Skip the pictures and retype exactly the lines from the one holding "Los programas de" through the end of the entries.
** Extracted material follows **
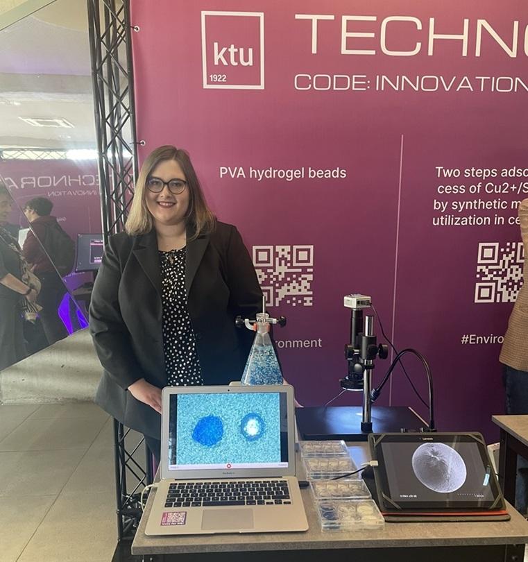 KTU Aplinkosaugos inžinerijos magistrė Judita Švaikauskaitė, studijų metu gaminusi ir tyrinėjusi iš polivinilo alkoholio gaminamas hidrogelio granules, džiaugiasi, kad turinčios unikalią savybę – labai porėtą struktūrą – medžiagos gali būti pritaikytos mikroteršalams šalinti iš užteršto vandens. „Aplinkosaugos srityje matau didžiulį potencialą ir daug neatidėliotinų iššūkių, kuriuos turime spręsti nedelsdami“, – teigia Judita.
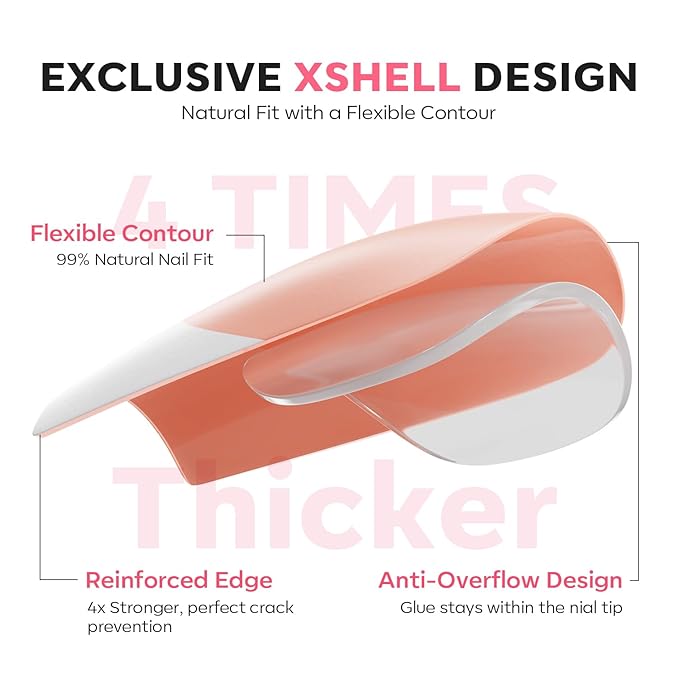 - Timeless French Design: Elevate your style with classic French featuring a natural, crystal-clear appearance. Ultra-thin edges (0.1mm) provide a snug fit, while reinforced tips (0.8mm) deliver lasting strength. The anti-spill back edge ensures a clean, mess-free application for a polished look.
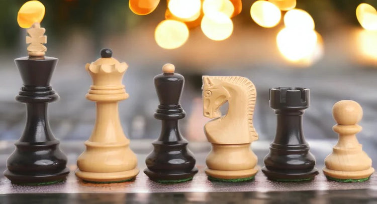 The wood combination includes ebonised boxwood for the dark pieces and boxwood for the light pieces, providing an elegant and timeless aesthetic.
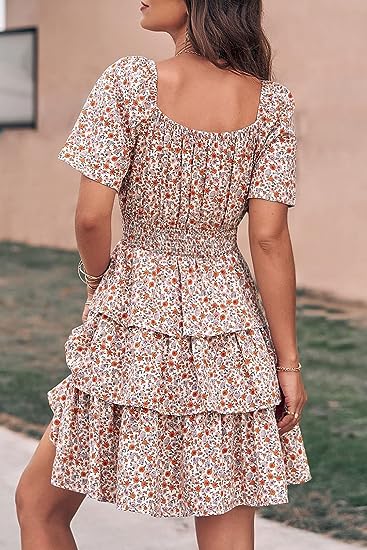 TRENDY DESIGN: Square Neck Boho Dress For Women/Floral Print Short Dress For Women/Swing Dress For Women/Short Sleeve Mini Dress For Women/High Waist A-Line Dress For Women/Tiered Fit And Flare Dress For Women/Summer Dress For Women /Casual Beach Dress For Women/Party Dress For Women/Ruffle Dress For Women.
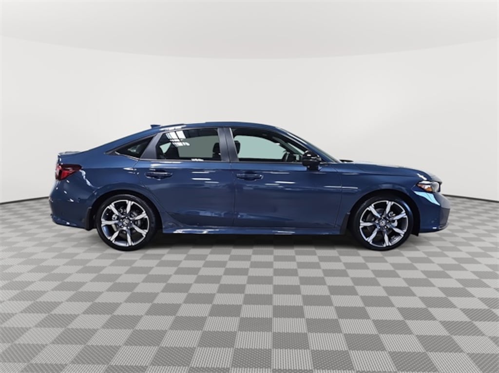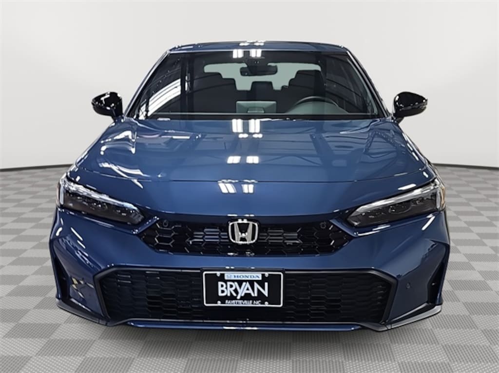 This 2026 Honda Civic Hybrid Sport Touring in Blue Lagoon Pearl features: 2.0L 16V DOHC, 2.0L 16V DOHC, 12 Speakers, 4-Wheel Disc Brakes, ABS brakes, Adaptive Cruise Control: Adaptive Cruise Control (ACC) with Low-Speed Follow, Air Conditioning, Alloy wheels, AM/FM radio, Apple CarPlay/Android Auto, Auto High-beam Headlights, Auto-dimming Rear-View mirror, Automatic temperature control, Blind Spot Information (BSI) System warning, Bose Premium Sound System, Brake assist, Bumpers: body-color, Compass, Delay-off headlights, Driver door bin, Driver vanity mirror, Dual front impact airbags, Dual front side impact airbags, Electronic Stability Control, Emergency communication system: HondaLink, Exterior Parking Camera Rear, Four wheel independent suspension, Front anti-roll bar, Front Bucket Seats, Front Center Armrest, Front dual zone A/C, Front reading lights, Fully automatic headlights, Heated door mirrors, Heated Front Bucket Seats, Heated front seats, Illuminated entry, Knee airbag, Leather Shift Knob, Leather steering wheel, Leather-Trimmed Seat Trim, Low tire pressure warning, Navigation system: Google Maps, Occupant sensing airbag, Outside temperature display, Overhead airbag, Overhead console, Panic alarm, Passenger door bin, Passenger vanity mirror, Power door mirrors, Power driver seat, Power moonroof, Power passenger seat, Power steering, Power windows, Radio data system, Rain sensing wipers, Rear anti-roll bar, Rear seat center armrest, Rear side impact airbag, Rear window defroster, Remote keyless entry, Security system, Speed control, Speed-sensing steering, Split folding rear seat, Steering wheel mounted audio controls, Tachometer, Telescoping steering wheel, Tilt steering wheel, Traction control, Trip computer, Turn signal indicator mirrors, Variably intermittent wipers, Wheels: 18" Alloy w/Matte Shark Gray Inserts.
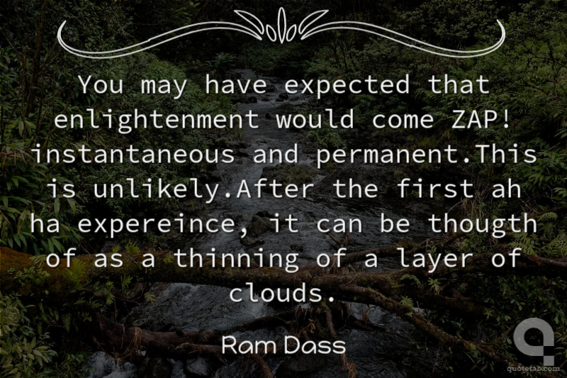 You may have expected that enlightenment would come ZAP! instantaneous and permanent.This is unlikely.After the first ah ha expereince, it can be thougth of as a thinning of a layer of clouds.
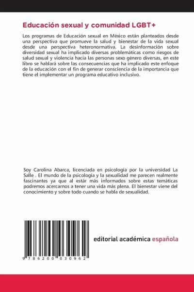 Los programas de Educación sexual en México están planteados desde una perspectiva que promueve la salud y bienestar de la vida sexual desde una perspectiva heteronormativa. La desinformación sobre diversidad sexual ha implicado diversas problemáticas como riesgos de salud sexual y violencia hacia las personas sexo género diversas, en este libro se hablará sobre las consecuencias que ha implicado este enfoque de la educación con el fin de generar consciencia de la importancia que tiene el implementar un programa educativo inclusivo.
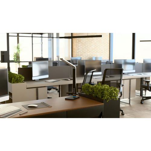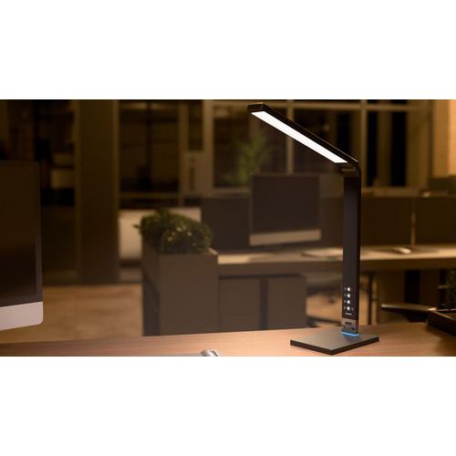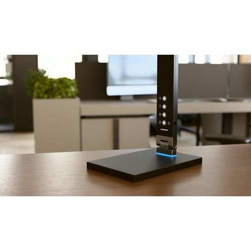Candeeiro LED versátil com regulador de intensidade da luz tátil com 5 níveis e função de memória para uma iluminação personalizada. Luz de presença azul ajustável, para uma ambiente relaxante ou para uma utilização noturna sem encadeamento. Três níveis de temperatura da cor, desde o branco quente à luz natural, para se adaptar a todas as atividades. Porta USB incorporada (5 V 2,1 A) que permite carregar facilmente os seus dispositivos móveis. Design dobrável e cabeça ajustável para um posicionamento ideal e poupança de espaço na secretária.
** End of Extracted material **
Problem solution
 Los programas de Educación sexual en México están planteados desde una perspectiva que promueve la salud y bienestar de la vida sexual desde una perspectiva heteronormativa. La desinformación sobre diversidad sexual ha implicado diversas problemáticas como riesgos de salud sexual y violencia hacia las personas sexo género diversas, en este libro se hablará sobre las consecuencias que ha implicado este enfoque de la educación con el fin de generar consciencia de la importancia que tiene el implementar un programa educativo inclusivo.
Candeeiro LED versátil com regulador de intensidade da luz tátil com 5 níveis e função de memória para uma iluminação personalizada. Luz de presença azul ajustável, para uma ambiente relaxante ou para uma utilização noturna sem encadeamento. Três níveis de temperatura da cor, desde o branco quente à luz natural, para se adaptar a todas as atividades. Porta USB incorporada (5 V 2,1 A) que permite carregar facilmente os seus dispositivos móveis. Design dobrável e cabeça ajustável para um posicionamento ideal e poupança de espaço na secretária.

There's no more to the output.